SSVEP techniques have also been used to examine an outstanding question in human visual gain control: In 2012 it was observed that locomotion in rodents reduced the level of surround suppression in the mouse brain (a form of long-range gain control). We have examined whether the same effect is observed in humans using SSVEP and an exercise treadmill. Our data indicate that while the SSVEP technique can measure profound surround suppression in human vision, it is not modulated by locomotion. This provides important evidence of functional differences between basic contrast processing in human and rodent models of vision. As suggested in the original grant proposal, we have related these data to matched perceptual experiments that also demonstrate no change in surround suppression driven by locomotion. These data are of particular interest because the mouse is now being adopted as a genetically tractable model of visual processing. Significant low-level computational differences between mouse and human vision should therefore be noted by the vision community.
CONCLUSION
We have used both EEG and fMRI to examine the spatial and temporal characteristics of long-range gain control. We have also related these data to perception - the ultimate goal being to predict the appearance of novel, dynamic stimuli. In an extension to the original goals of the projects, we have also used a version of the SSVEP technique to examine vision in animal models of neurological disease. These experiments have been synergistic with our human work and provide important information about potential disease biomarkers that we are addressing in a new round of experiments.
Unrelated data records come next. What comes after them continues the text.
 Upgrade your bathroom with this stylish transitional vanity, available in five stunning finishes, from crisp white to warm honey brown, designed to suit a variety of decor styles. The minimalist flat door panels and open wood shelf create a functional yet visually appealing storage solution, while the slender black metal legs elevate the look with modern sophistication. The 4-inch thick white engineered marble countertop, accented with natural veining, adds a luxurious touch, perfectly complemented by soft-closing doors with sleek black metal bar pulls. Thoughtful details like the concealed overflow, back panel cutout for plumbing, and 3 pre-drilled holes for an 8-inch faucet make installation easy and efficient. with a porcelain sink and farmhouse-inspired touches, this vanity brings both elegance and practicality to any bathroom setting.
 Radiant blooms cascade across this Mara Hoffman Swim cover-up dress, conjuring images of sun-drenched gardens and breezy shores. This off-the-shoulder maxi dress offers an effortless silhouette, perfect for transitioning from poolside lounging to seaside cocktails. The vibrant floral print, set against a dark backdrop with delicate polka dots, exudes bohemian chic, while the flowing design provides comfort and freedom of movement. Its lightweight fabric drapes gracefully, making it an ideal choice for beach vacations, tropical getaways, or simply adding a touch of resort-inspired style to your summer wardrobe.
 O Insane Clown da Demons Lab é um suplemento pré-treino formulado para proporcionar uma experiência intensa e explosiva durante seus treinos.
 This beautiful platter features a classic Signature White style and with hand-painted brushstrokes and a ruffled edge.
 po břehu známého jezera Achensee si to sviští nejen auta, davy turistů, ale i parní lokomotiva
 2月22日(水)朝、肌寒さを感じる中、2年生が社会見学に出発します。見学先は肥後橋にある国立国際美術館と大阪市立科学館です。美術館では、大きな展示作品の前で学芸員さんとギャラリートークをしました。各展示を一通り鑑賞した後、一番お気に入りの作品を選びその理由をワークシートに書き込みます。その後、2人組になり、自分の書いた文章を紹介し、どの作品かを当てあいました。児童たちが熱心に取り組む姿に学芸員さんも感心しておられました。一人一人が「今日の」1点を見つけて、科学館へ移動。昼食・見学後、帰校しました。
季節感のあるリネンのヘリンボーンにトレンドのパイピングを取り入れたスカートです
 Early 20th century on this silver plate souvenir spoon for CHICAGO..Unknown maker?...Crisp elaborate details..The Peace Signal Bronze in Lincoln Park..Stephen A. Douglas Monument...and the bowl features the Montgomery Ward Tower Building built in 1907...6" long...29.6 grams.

Our data are of interest to vision scientists because they provide new information about the way that signals are processed in the visual brain. They are also of interest to clinicians and drug companies because they suggest new biomarkers for neurological disease and therefore new ways of monitoring those diseases and testing potential therapeutic agents. Finally, they are of interest to the general public because they show that some of the mechanisms that underlie vision have been preserved across the millions of years that separate humans and flies and that these mechanisms can be used to tell us about neurological diseases that afflict millions of people across the globe.